When kernel type is taken into account, a clear distinction is made between the members of Pop.1 and Pop.2 (flints or semi-flints, except TB329) with Pop.3 and Pop.4 (mostly composed of dent and semi-dent lines, except TA422) (Figure S1). This is a valuable piece of information for breeders, who are seeking for superior hybrids in crosses between members of different heterotic groups. It is worth mentioning that Pop.1 and 2 form together one of the two original clusters inferred using Structure. Therefore, in order to take full advantage of the heterosis phenomenon one should ideally cross inbred lines that are part of this cluster with any of those that are part of the second one. This is based on the reasoning that the further apart two inbred lines are genetically, the more likely it is that the hybrid will show a higher level of heterosis [10]. This is not always the case and depends on the particular trait of interest. For example, Stupar el al., 2008 [33], showed that intra-heterotic group crosses lead to higher level of heterosis when compared to the inter-heterotic ones for the five traits they analyzed: plant final height, days to flowering, weight of 50 seeds, 11-day height and 11-day biomass. In this context, crosses among flint lines of cluster one (i.e., between Pop.1 and Pop.2) may prove more useful.

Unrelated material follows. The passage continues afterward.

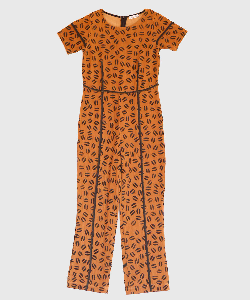 Floor length Koloni print jumpsuit tailored with hand-appliqué black Bogo fabric giving a silhouette that stands out.

b) Cob color differentiates Pop.1 from Pop.2.

A notable difference between the flints of Pop.1 and those of Pop.2 in terms of cob color is visible in Figure S2. The first population has only (dark) red cobs, whereas the latter has only white cobs. Once again, these are the two populations that form cluster one. The cob color is the result of the phlobaphene biosynthesis pathway that is controlled by the R2R3 Myb-like transcription factor, encoded by the p1 locus in maize [34]. Most importantly, p1 together with p2 are two QTLs (Quantitative Trait Locus) for maysin production, a C-glycosyl flavone conferring resistance to corn earworm (Helicoverpa zea) [35]. For breeding purposes it is therefore worth investigating the resistance of inbred lines coming from the two populations. In a comparative study, one only uses the germplasm that proves to be more resistant. Most importantly, it could possibly link a visible phenotypic trait to resistance to this agricultural pest.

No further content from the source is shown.